What is Style?

A friend asked me what style means in a literary sense, and can it be good or bad?
Style is the particular way that something is presented. Can we like or dislike a person’s style? Can a reader dismiss a particular literary style and call it ‘bad’? If effort and care has gone into the creation, surely this is not possible. However we can dislike a style, but often that dislike is based on misunderstanding. It is similar to taste which the O.E.D defines as ‘the ability to pick out what is of good quality’. But what is good quality writing? For instance one person’s sense of what is ‘good taste’ is another’s nightmare. Some styles, for example Joyce’s ‘Ulysses’, can seem impossible and yet with time can become illuminating.
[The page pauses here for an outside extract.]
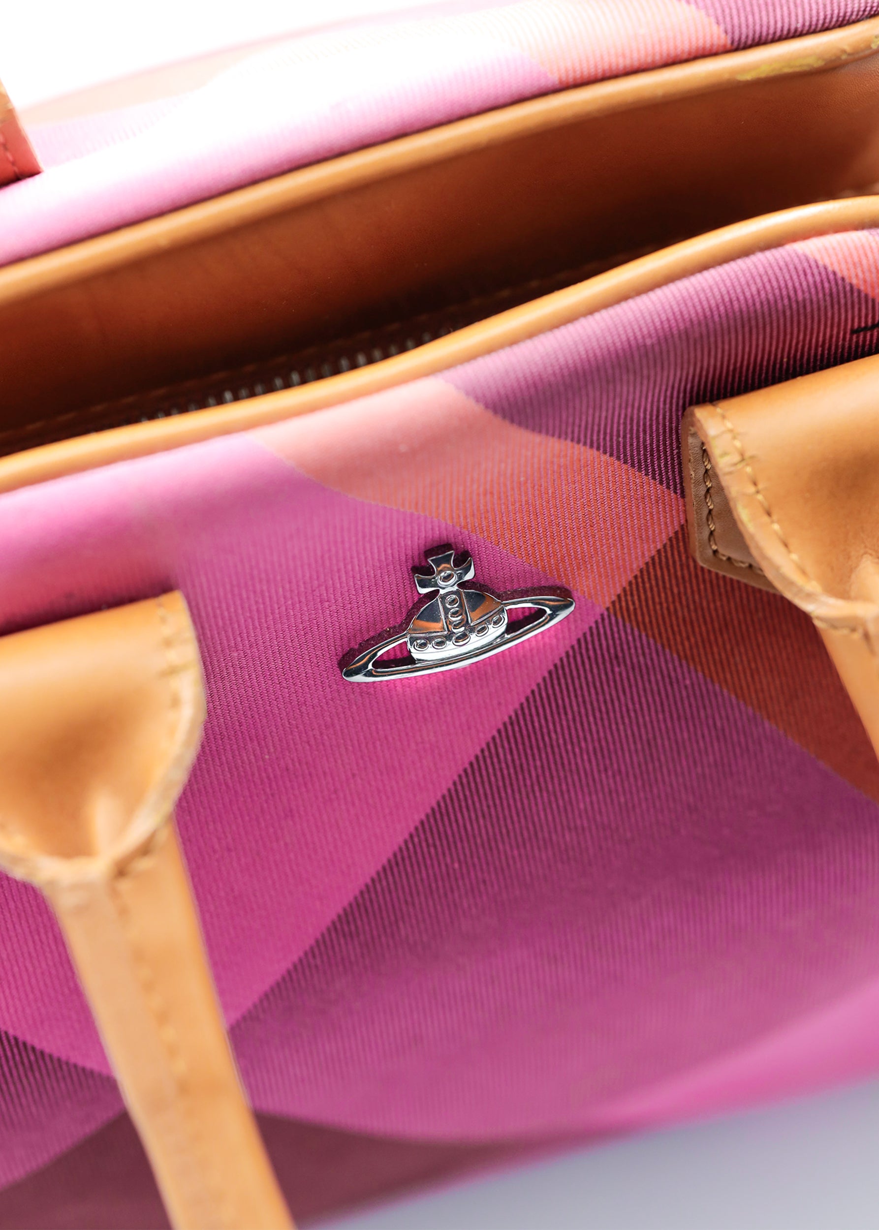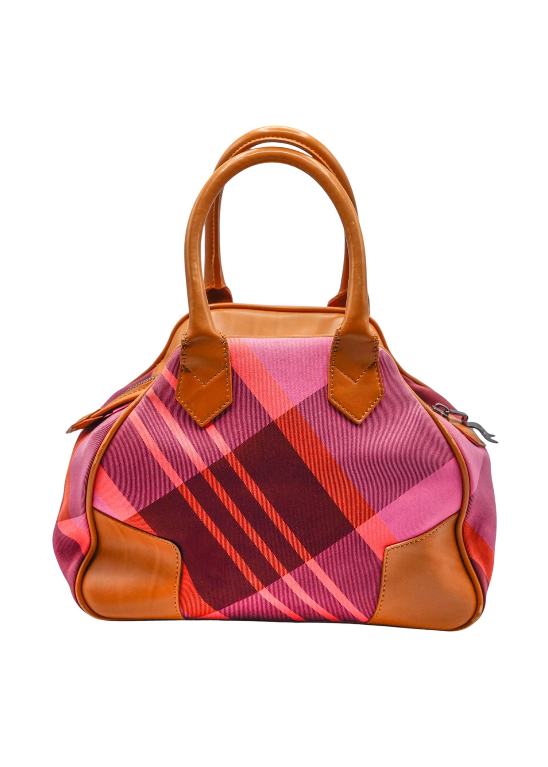 Vivienne Westwood pink and orange tartan Yasmine small bowler bag, with fabric body, tan leather handles, base and accents and gunmetal orb logo detail

What makes a style in a literary context is perhaps a more pertinent question. Style can be seen on a superficial level as formed by choices of structure, grammar and P.O.V. At the moment there is a fashion for writing in the present tense – especially in historical fiction. Or a writer can present work in a reflective manner, commenting on the subtle and tiny nuances of life. A writer may have a descriptive or poetic style. Another may write in simple direct sentences and present plot through terse, exacting dialogue. Although these perhaps come under literary devices they also help shape individual style.

Style can be difficult to decipher. It is apparent when you read it – but what makes it particular to the writer is not obvious. In essence, I suppose, style is the way that the writer chooses to tell a story. Genre can determine a choice of style as does the voice of the narrator. Is the voice in dialect? Judgemental? Omniscient?
A novel in first person lends itself to a more personal, often colloquial style – but that ventures into a discussion on voice.
Voice is intrinsic to the success of a novel – or is that success due to the style of the voice? The more I consider it, the more elusive style becomes. Like glamour or taste it is difficult to define and is many things to many people. Liking or disliking a style has much to do with our own expectations of a novel and what we are used to. But this can change over time in the same way that personal taste may change.

Perhaps fashion is the deciding factor, and those novels that last in popularity are akin to a trilby or Burberry coat. How we decorate our homes comes to much the same thing; the feel of the interior is created by our choice of emphasis on colour, furniture, fabrics and arrangement. And if we don’t care about any of these things we have an uncomfortable, unwelcoming home – or a story badly told and one difficult to understand.